§ SOURCE DATA
■ ■ ■ ■

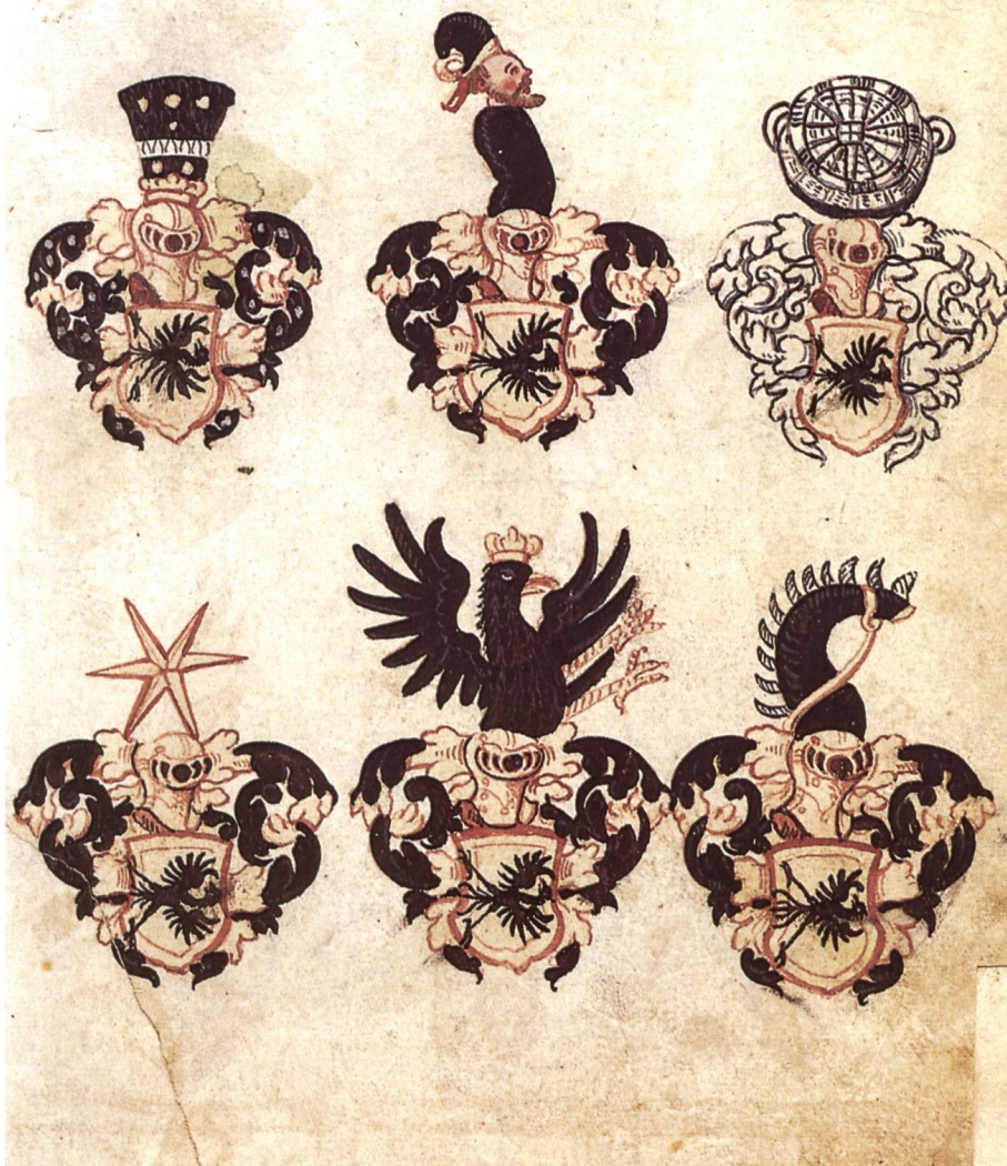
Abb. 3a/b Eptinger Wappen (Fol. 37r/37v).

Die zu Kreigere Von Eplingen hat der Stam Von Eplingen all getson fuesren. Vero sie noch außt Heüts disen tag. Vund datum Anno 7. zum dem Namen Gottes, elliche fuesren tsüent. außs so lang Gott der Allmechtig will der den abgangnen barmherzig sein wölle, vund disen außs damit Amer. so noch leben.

■ ■ ■ ■

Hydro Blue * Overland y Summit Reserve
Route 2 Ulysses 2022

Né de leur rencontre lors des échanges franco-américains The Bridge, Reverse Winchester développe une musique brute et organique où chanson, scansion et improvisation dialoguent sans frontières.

■ ■ ■ ■

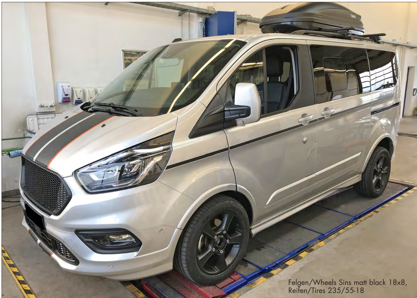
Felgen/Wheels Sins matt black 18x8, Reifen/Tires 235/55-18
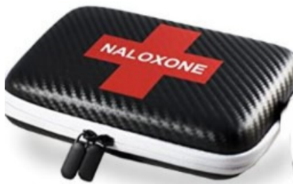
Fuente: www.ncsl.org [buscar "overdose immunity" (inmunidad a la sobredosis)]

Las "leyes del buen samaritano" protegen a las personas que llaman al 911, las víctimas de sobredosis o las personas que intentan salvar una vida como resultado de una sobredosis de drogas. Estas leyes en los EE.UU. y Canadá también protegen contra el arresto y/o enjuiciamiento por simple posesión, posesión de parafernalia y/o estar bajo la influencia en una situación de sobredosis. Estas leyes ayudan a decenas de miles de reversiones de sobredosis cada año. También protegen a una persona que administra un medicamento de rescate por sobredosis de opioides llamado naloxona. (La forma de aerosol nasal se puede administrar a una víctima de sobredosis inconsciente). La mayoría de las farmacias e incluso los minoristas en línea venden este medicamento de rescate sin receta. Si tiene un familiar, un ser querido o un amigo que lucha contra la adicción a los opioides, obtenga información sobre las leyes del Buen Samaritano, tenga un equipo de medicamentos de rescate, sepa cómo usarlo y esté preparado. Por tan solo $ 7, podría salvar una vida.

■ ■ ■ ■

§ TASK BRIEF
Quote the listing above, but only from the line that shows "Abb. 3a/b Eptinger Wappen (Fol. 37r/37v)." through the line that shows "Die zu Kreigere".

§ EXERCISE RESULT
Abb. 3a/b Eptinger Wappen (Fol. 37r/37v).

Die zu Kreigere Von Eplingen hat der Stam Von Eplingen all getson fuesren. Vero sie noch außt Heüts disen tag. Vund datum Anno 7. zum dem Namen Gottes, elliche fuesren tsüent. außs so lang Gott der Allmechtig will der den abgangnen barmherzig sein wölle, vund disen außs damit Amer. so noch leben.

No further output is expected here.